Early Weight Gain in Pregnancy May Be Bad Start for Infant

Laird Harrison

July 15, 2013

Mothers who put on too much weight early in their pregnancies have bigger, fatter babies, a new study shows.

The neonates born to women who gained too much early in their pregnancies had a mean body mass index (BMI) of 14.5 ± 1.3 kg/m2 compared with 12.6 ± 1.2 kg/m2 for the neonates of women whose weight gain was appropriate, and 13.2 ± 1 kg/m2 for the neonates of women who gained too much late in their pregnancies.

"Implementing preventive measures in the period before conception or in early pregnancy may be necessary to prevent early excessive gestational weight gain and its potential detrimental effects on the neonate," write Margie H. Davenport, PhD, from the Physical Activity and Diabetes Laboratory, Li Ka Shing Centre for Health Research Innovation, University of Alberta, Edmonton, Canada, and colleagues.
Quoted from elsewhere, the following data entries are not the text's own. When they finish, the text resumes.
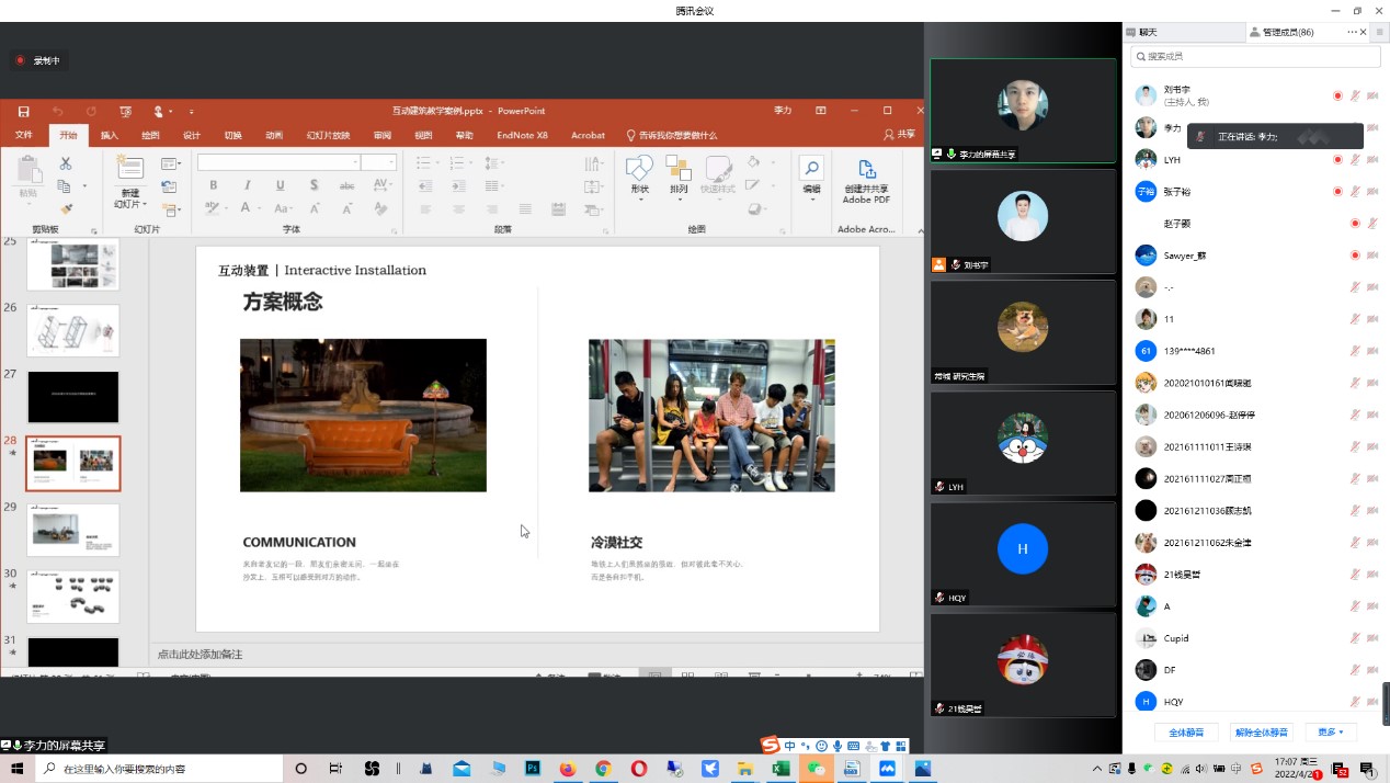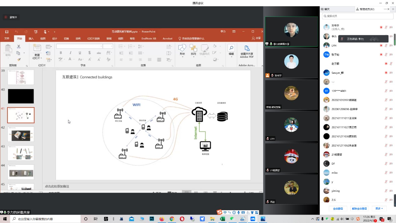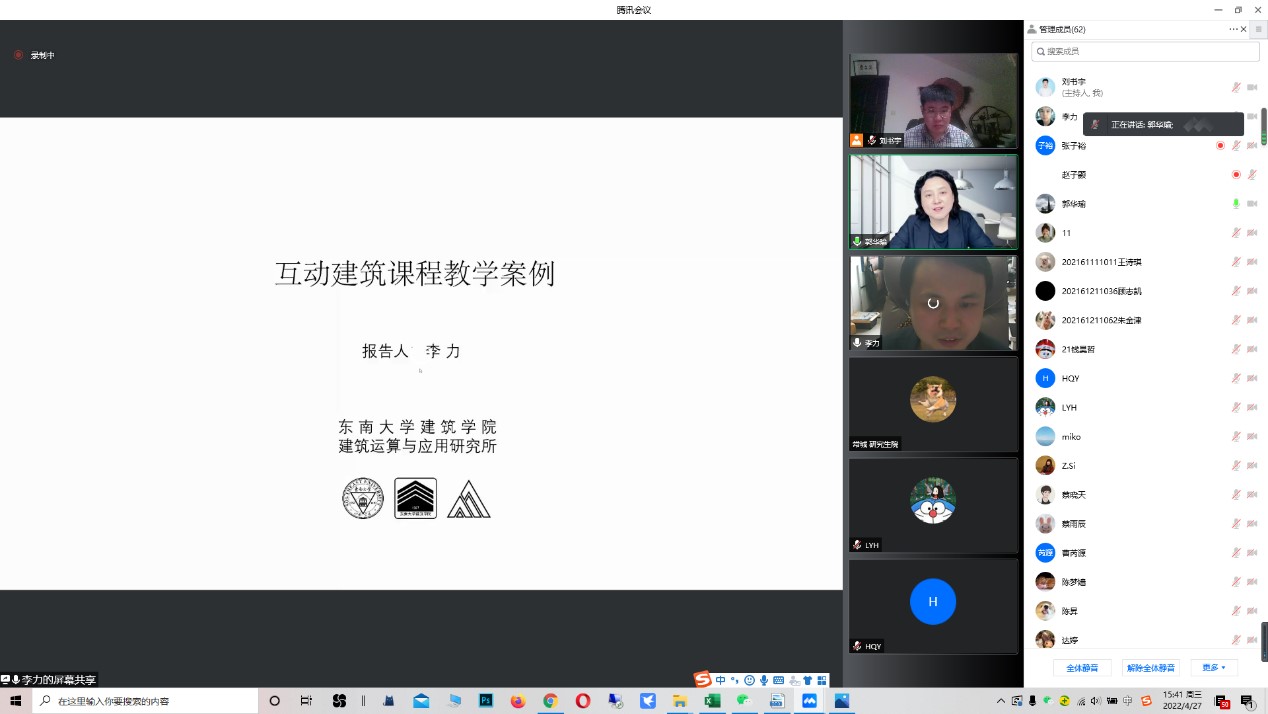 4月27日下午,tyc122cc太阳成集团主办的数字建筑系列讲座第四讲在腾讯会议平台顺利召开。东南大学tyc122cc太阳成集团建筑运算与应用研究所李力副研究员为公司师生带来了“互动建筑课程教学案例”主题报告。本次讲座由经理郭华瑜教授主持,公司近百名师生聆听了讲座。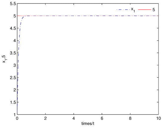 In the next, with initial conditions: = , numerical simulation is made. The simulation result is shown by the following figure. From Figure 3, we can see that tends to the given command quickly. Figure 4 shows the state of the system (22) converges to a constant as .
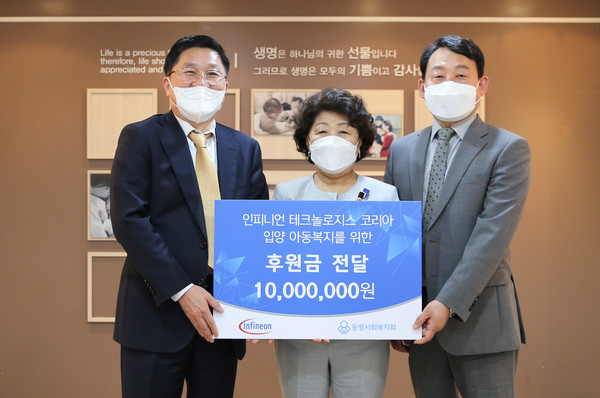 동방사회복지회(회장 김진숙)는 26일 인피니언 테크놀로지스 코리아가 입양대기아동 및 국내 소외 아동을 위해 후원금 1천만 원을 전달했다고 밝혔다.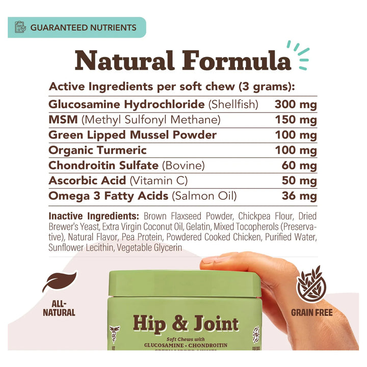 Nuestros masticables actúan desde el primer día. La glucosamina y condroitina reparan y fortalecen los cartílagos, mientras que el MSM reduce la inflamación y el dolor. La cúrcuma, conocida por sus propiedades antiinflamatorias, complementa el efecto, brindando un alivio duradero. Con el uso continuo, notarás cómo tu perro recupera su movilidad y vitalidad.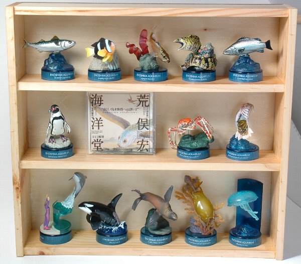 | 第一弾に続く第二弾。第一弾以上の出来だと思います。なぜか剣先イカに惹かれものが・・・。 第一弾と同じBOXサイズで納めたのですが、 No.18バショウカジキとNo.26ザトウクジラ (ホエールウォッチング)は背が高すぎて天井につっかえてしまいました。まっいいか(;^_^A |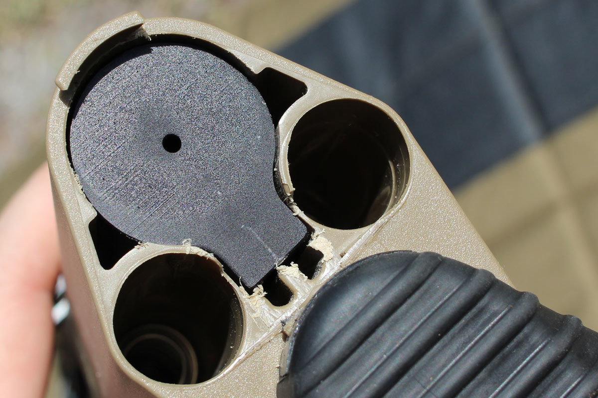 - The pad on the butt end slides off of this dovetail to open up two tubes that can hold batteries.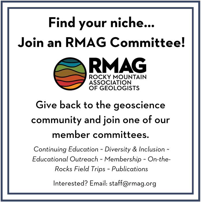 The Rocky Mountain Association of Geologists (RMAG) is a nonprofit organization whose purposes are to promote interest in geology and allied sciences and their practical application, to foster scientific research and to encourage fellowship and cooperation among its members. The Outcrop is a monthly publication of the RMAG. 730 17th Street, B1, Denver, CO 80202 • 720-672-9898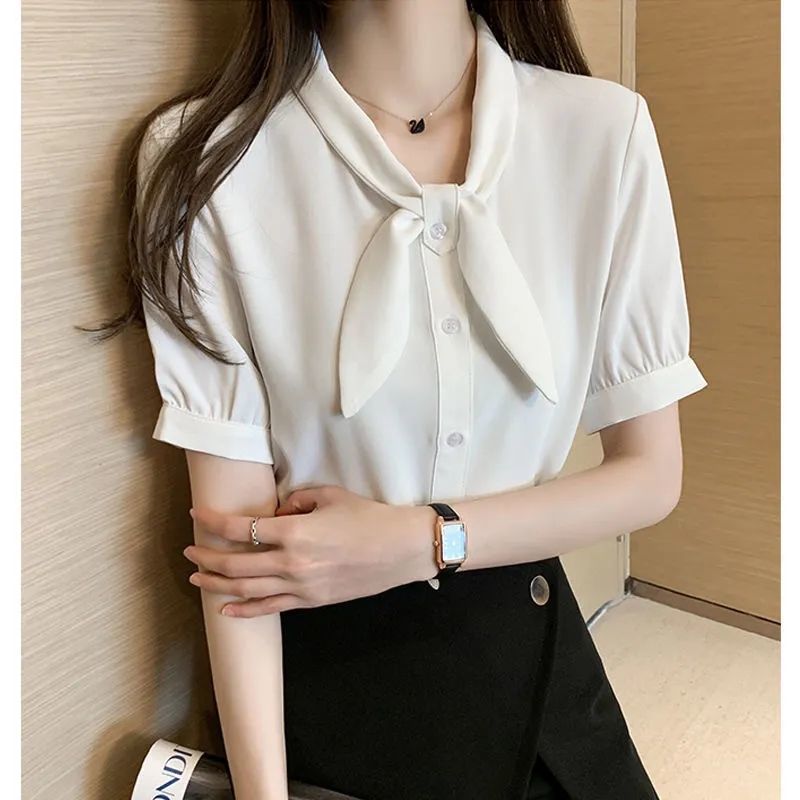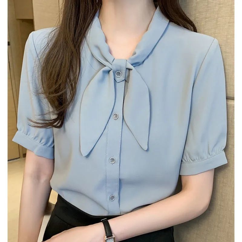 반팔 쉬폰 셔츠 여성 여름 2025 새로운 활 기질 전문 OL 셔츠 패션 웨스턴 스타일 탑스토어 가기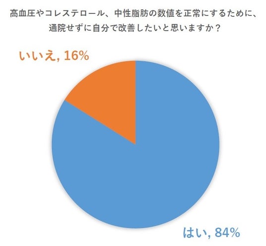 「高血圧やコレステロールの数値を正常にするために、通院せずに自分で改善したいと思いますか?」という質問には、84%が「はい」と回答。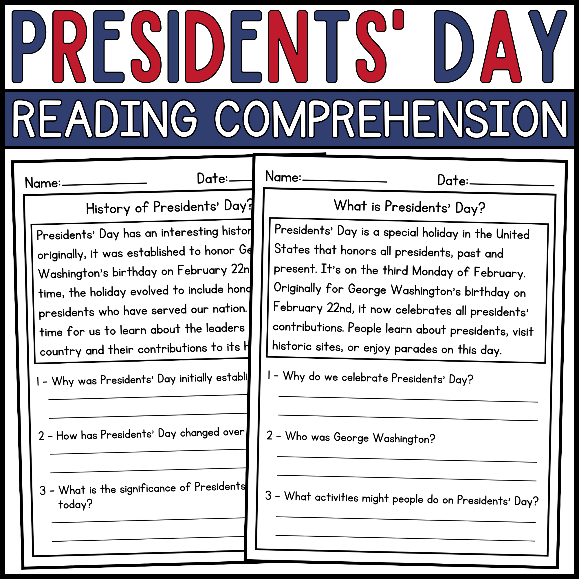 Presidents Day Reading Comprehension Passages And Questions Presidents Day Reading Passages Made By Teachers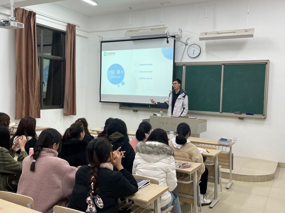 11月24晚,商学院与招就处在石湫校区联合举办考研公益讲座邀,邀请奇林教育的王威老师来校系统介绍考研流程等相关问题。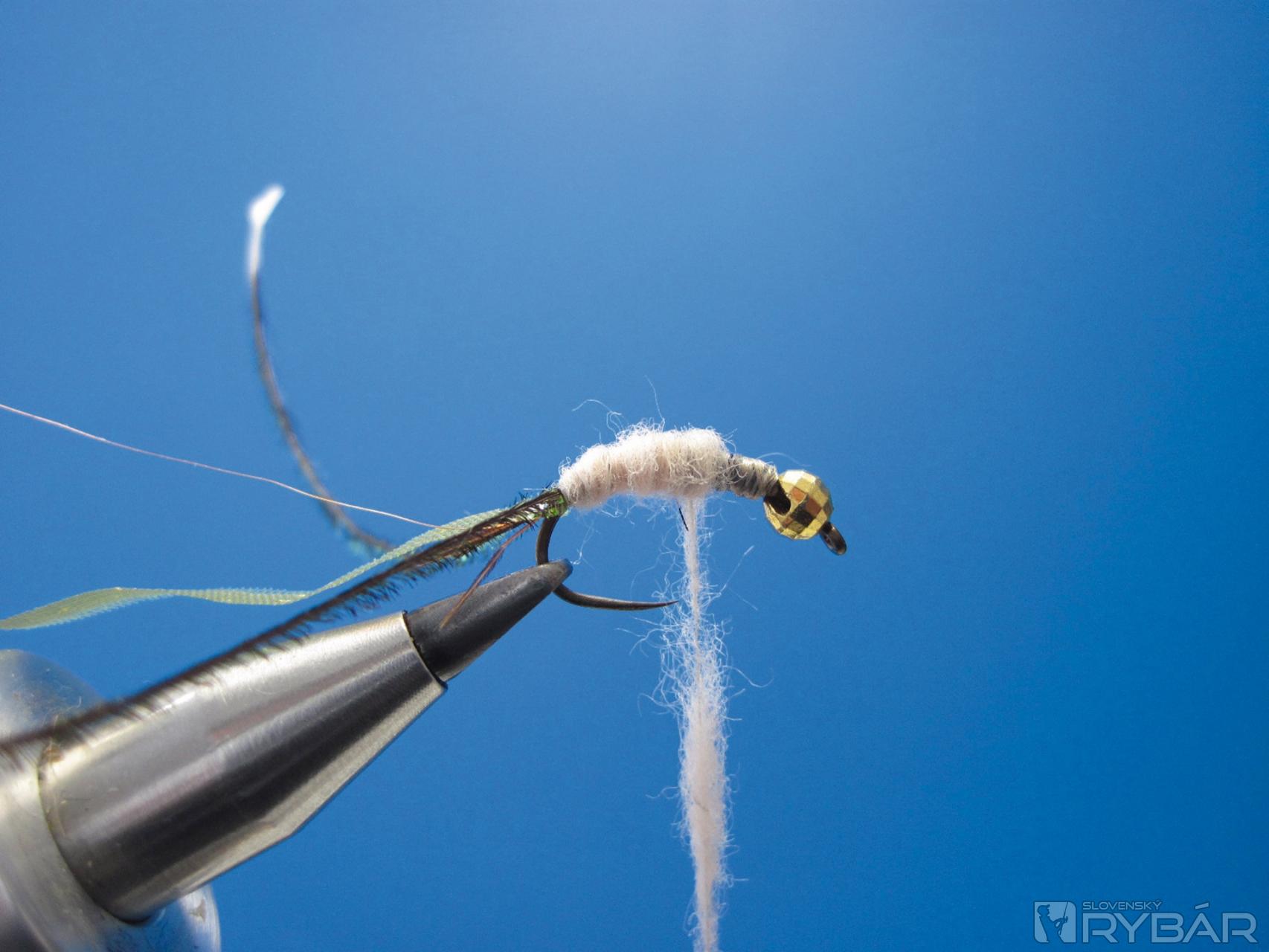 Ako jeden z posledných materiálov použijeme syntetický dubbing vo farbe broskyňovej zmrzliny. Dubbovanie telíčka je tu pomerne dôležité, je nutné, aby bolo telíčko pravidelne kónické a vo všetkých miestach musí byť dubbing rovnako utiahnutý, aby sa pri krúžkovaní drôtikom rovnomerne zarezal. Správne naviazané telíčko je základ tohto vzoru. Najčastejšie používam ešte nožičky zo sliepky alebo horšieho kohúta, keď s pierkom urobím jeden až dva závity a za nožičky ešte doviažem malú hlavohruď z lesklého dubbingu.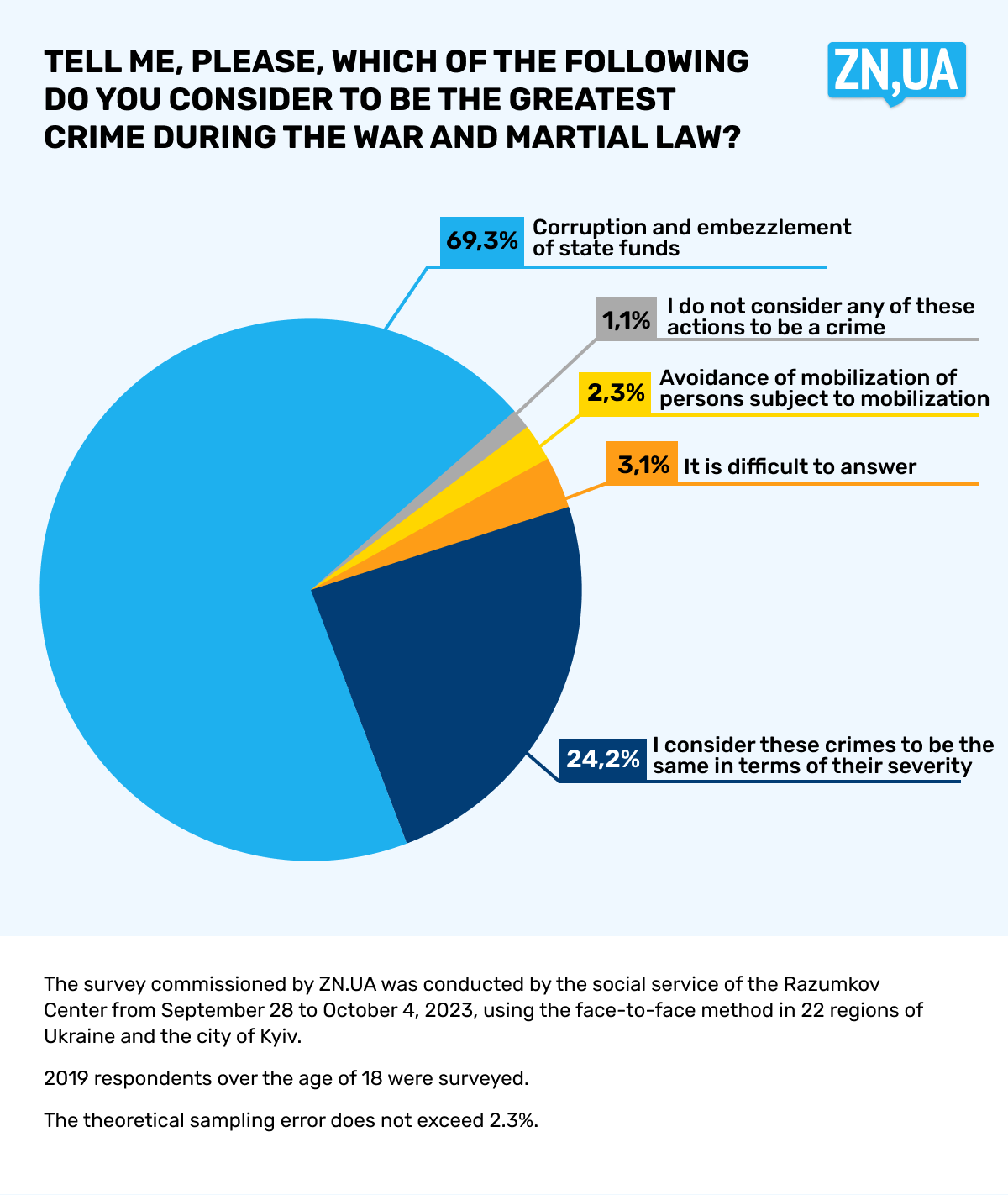 As a result (see Fig. 1), corruption “won” in this so-called competition by a landslide. It is considered the greatest crime by 69.3% of Ukrainians. 2.3% of Ukrainians “voted” for avoiding the mobilization of those who are subject to it. 24.2% of respondents recognized these phenomena as crimes of equal gravity...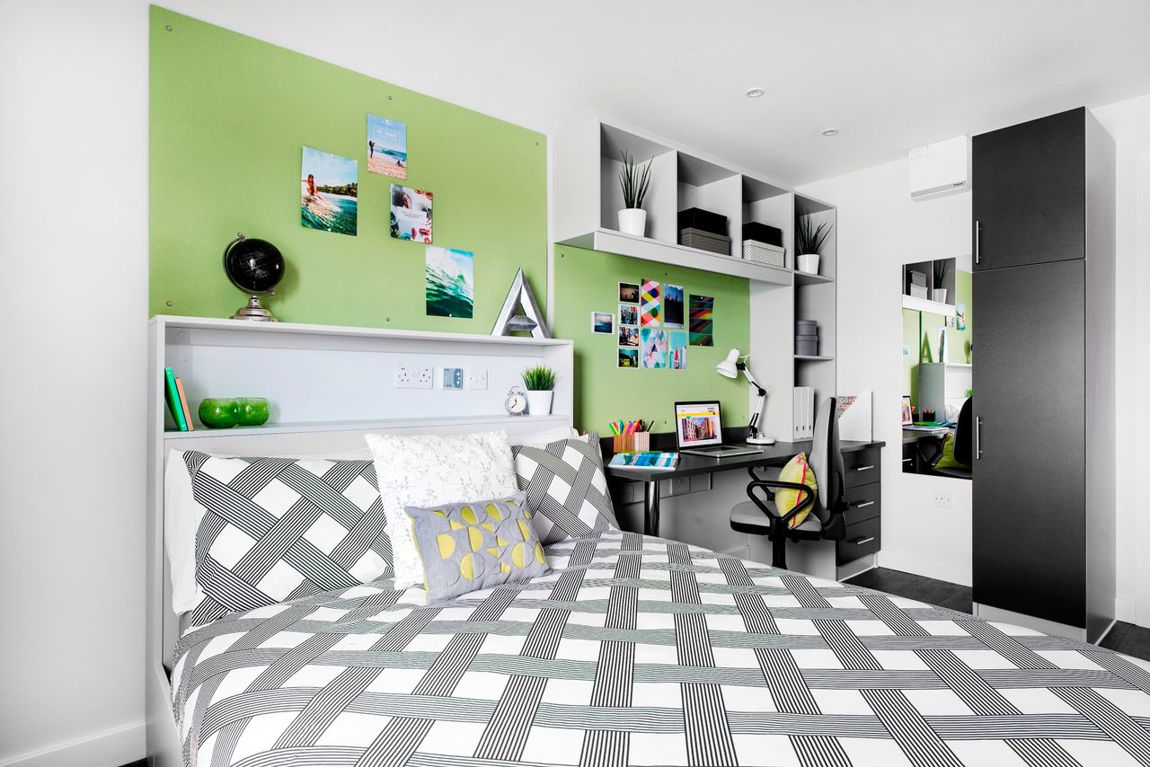Enjoy a stylish 11.5 – 12.sqm room in a 4 or 5 bed flat and benefit from all the storage you need, a small double bed, a bright en-suite shower room and 100Mb internet. Plus, socialise with your friends in your very own kitchen/living room.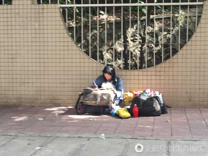 2017年1月24日上午,春节临近,笔者途径深圳街头,人车相比以前,少了很大,最令人注目的是坐在街头的一位流浪汉,好象在写着什么,这是笔者多次看到的场景,曾记得,2016年12月份的时候,他也是坐在路边认真写字,每次都看到他很认真练字。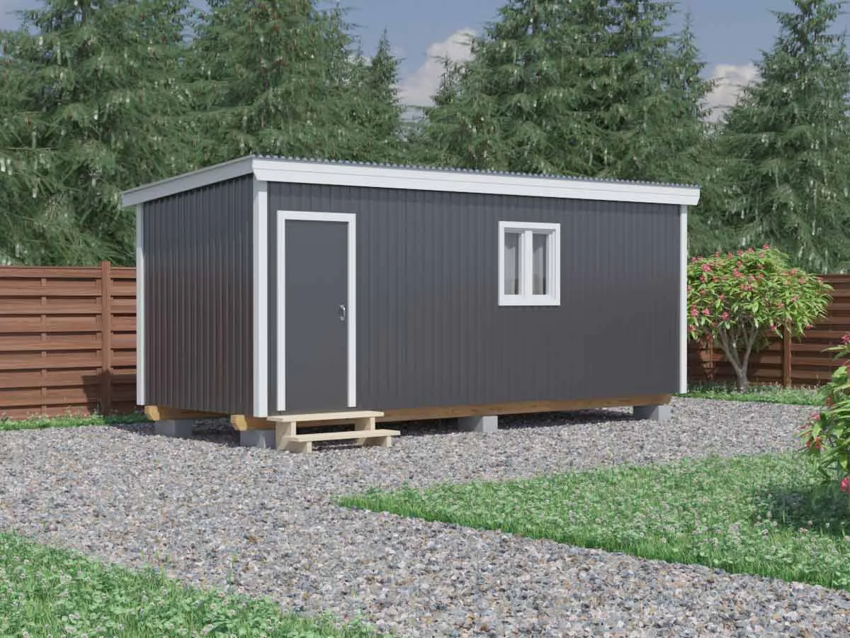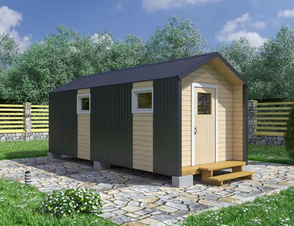 Бытовка для дачи в стиле хай-тек с цветным профлистом 6х2.46х2.414.4ДВП-Оргалит: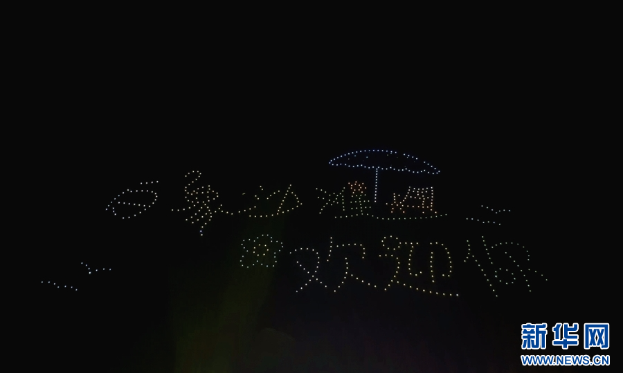 “澜·湄嘉年华”现场的无人机表演(10月3日摄)。新华网发(柴静 摄)pagebreak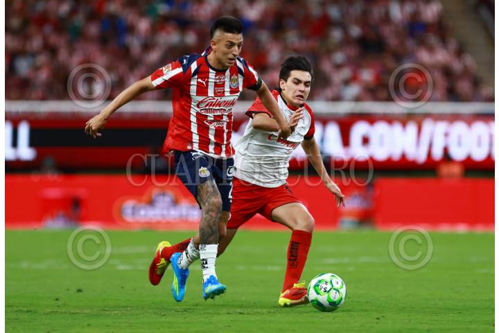 ZAPOPAN, JALISCO, 18ABRIL2026.- José Castillo jugador de Chivas disputa el balón con el contrario de Puebla Owen González, esto en partido correspondiente a la jornada 15 del Torneo Clausura 2026 de la Liga MX, en donde se enfrentan los equipos de Chivas vs Puebla y en juego que se lleva a cabo en el Estadio Akron, el marcador al momento es de 3-0, a favor del equipo de casa. FOTO: FERNANDO CARRANZA GARCIA / CUARTOSCURO.COM

The study was published online July 8 and in the August issue of Obstetrics and Gynecology.

Previous research has shown that a mother's weight can affect the health of her baby and that events in pregnancy can have a lifetime effect on the child's health. However, few studies have looked at the timing of weight gain.

To examine this question, the investigators recruited 172 healthy women who were between 16 and 20 weeks pregnant. The women followed healthy living guidelines, but many of them still gained excessive weight.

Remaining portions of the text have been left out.